Après quelques années de tensions caractérisées entre, d’une part, le gouvernement congolais appuyé par les parents d’élèves, et d’autre part l’Église catholique à travers la coordination de ses écoles conventionnées, la crise refait surface, cette fois-ci au lycée Shaumba.
À la tête de cet établissement, le préfet Gaspar Boma Masebi se dresse en adversaire déclaré de la gratuité de l’enseignement, malgré les concessions consenties par l’État et les parents.
Sans passer par les mécanismes établis, notamment l’Assemblée générale des parents, le préfet Gaspar Boma, en collaboration avec sa hiérarchie ecclésiastique, a décidé unilatéralement de revoir à la hausse les frais scolaires de l’année en cours. Ceux-ci passent ainsi de 330 à 500 dollars américains.
Comme justification, la direction évoque la volonté de doter l’école de nouveaux équipements, notamment une salle de pratique pour la section coupe et couture.
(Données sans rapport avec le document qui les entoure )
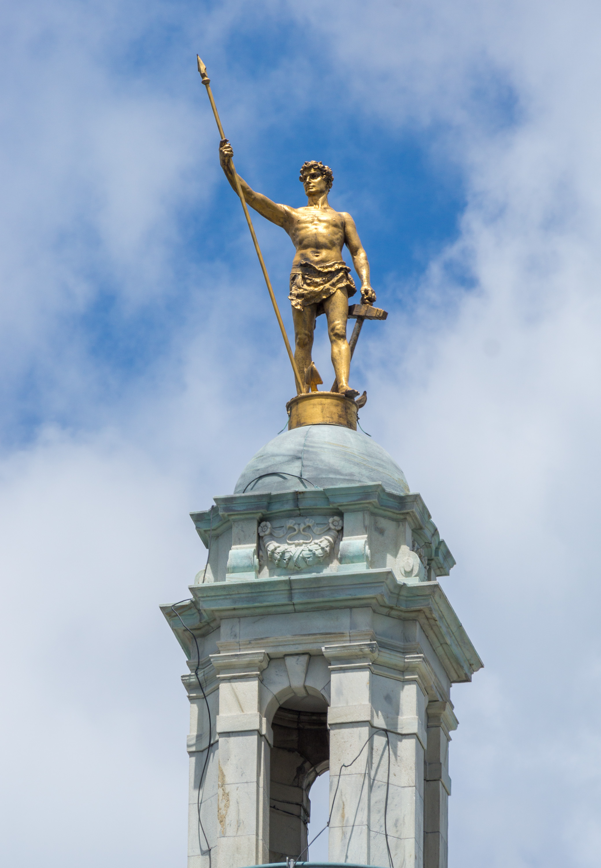 The Independent Man is the statue atop the Rhode Island State House. Providence, Rhode Island.

Une décision que les parents dénoncent unanimement, d’où l’envoi d’une lettre de dénonciation adressée à la ministre de l’Éducation nationale, Raïssa Malu.

Pour les parents, la compétence étant d’attribution, l’école ne peut imposer une charge supplémentaire aux familles, d’autant plus qu’elle bénéficie déjà d’une enveloppe de fonctionnement allouée par le gouvernement.
Cette situation risque de devenir une habitude, rappellent les parents, après l’ajout de 30 dollars aux frais scolaires l’année passée pour des raisons similaires. Déjà submergées par la faiblesse du pouvoir d’achat, les familles du lycée Shaumba soulignent que toute modification des frais scolaires doit obligatoirement faire l’objet de discussions préalables entre l’école et les parents.
C’est pourquoi ils sollicitent l’intervention urgente de la ministre de tutelle afin de parvenir à une issue apaisée, dans l’intérêt supérieur de l’éducation nationale.